Piyasanın kısa vadeli kâr arayışıyla iletişim teknolojileri durmadan gelişip yenileniyor. Her yeni iletişim aracı görme işitme konuşma dokunma ve düşünme duyularımızı ve yeteneklerimizi elimizden alıyor. Modern insanlar olarak teknolojik aparatlarımız sayesinde dünyanın hâkimi olduğumuzu düşünmeye bile başlıyoruz. Oysa daha az görüyor daha az duyuyor neredeyse hiç
dokunmuyor ve düşünemiyoruz.
Gerçekliği temsil pratikleri sayesinde iletişim araçları bizi kör sağır ve zihinsel özürlü haline getiriyor. Düşünmeyi medyatik gevezelik görmeyi ve işitmeyi ise eğlence sanıyoruz. Dokunmatik ekranlar ve elektronik postalarla birbirimizle ilişkiye giriyor ve bunu yeterli buluyoruz. Kısacası zihinsel ve düşünsel körelme ve yoksullaşma çağında tüm duyularımızı teknolojik araçlara
devretmiş bu araçların kurduğu gerçekliğin ve şiddetin seyirselliği içinde kendimizden geçiyoruz.
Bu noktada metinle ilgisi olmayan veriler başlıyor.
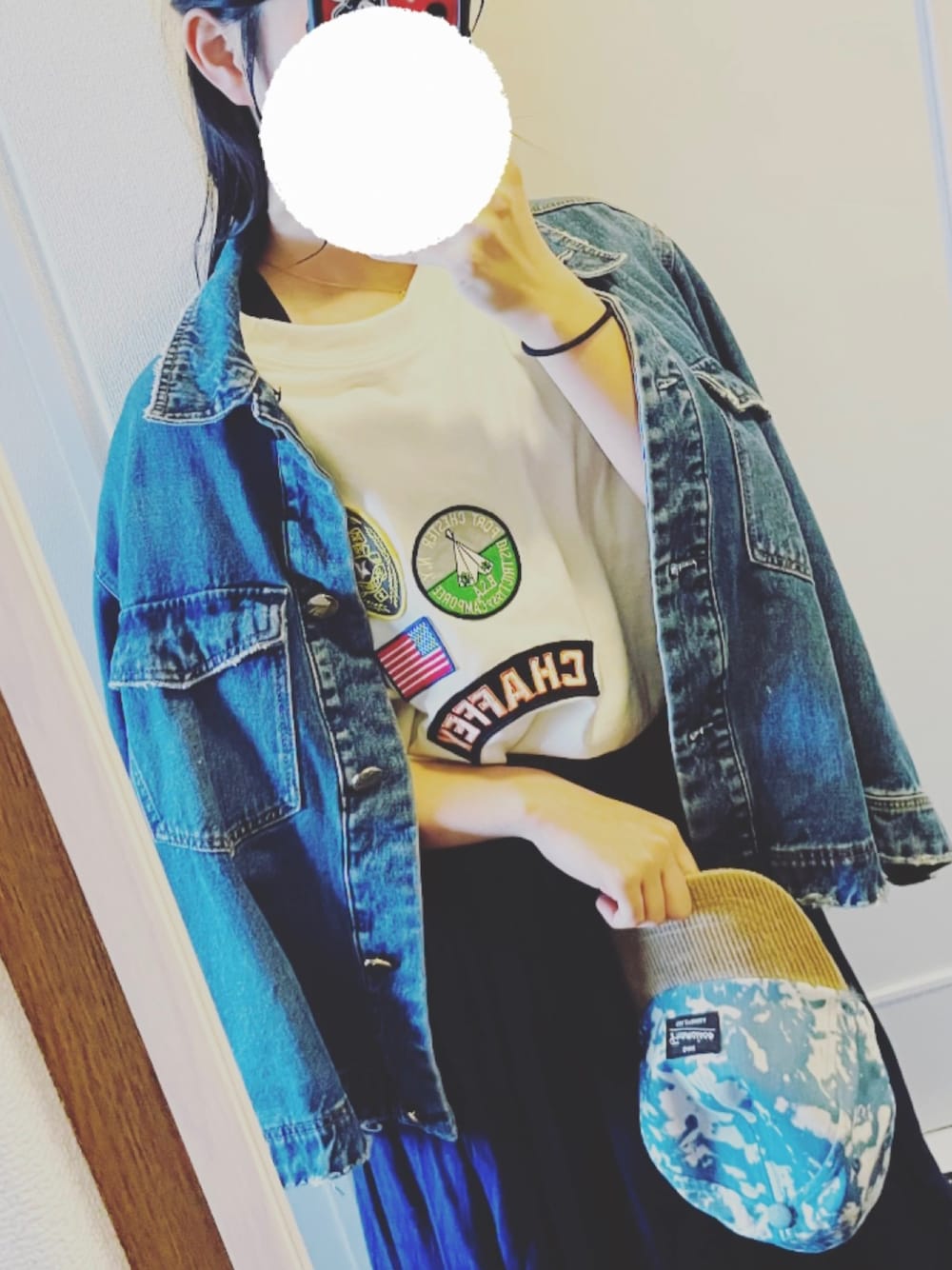 青色コーデ。🟦🟦🟦 帽子有り無し差分と、桜見てテンション上がってる写真。笑 CUBEのこれ万能すぎる。好き🫶 ZARAのデニムジャケットと紺スカートは古着屋さんで買うたんですけど、お気に入りです🫰 いつも結んじゃってるけど、久しぶりに髪下ろしてカワチー格好でぼっち花見でした✌️

Tüm bu seyirsel şiddet ve düşünsel yoksulluk evreninin prototipi olan televizyon ekranından savaş felaket aile içi şiddet ve cinayet görüntüleri akarken kendi günlük yaşamımızı olağan akışı içinde sürdürüyor; ertesi gün yine tekrarlanacak olan felaketleri savaşları ve cinayetleri seyretmek üzere hazır bekliyoruz.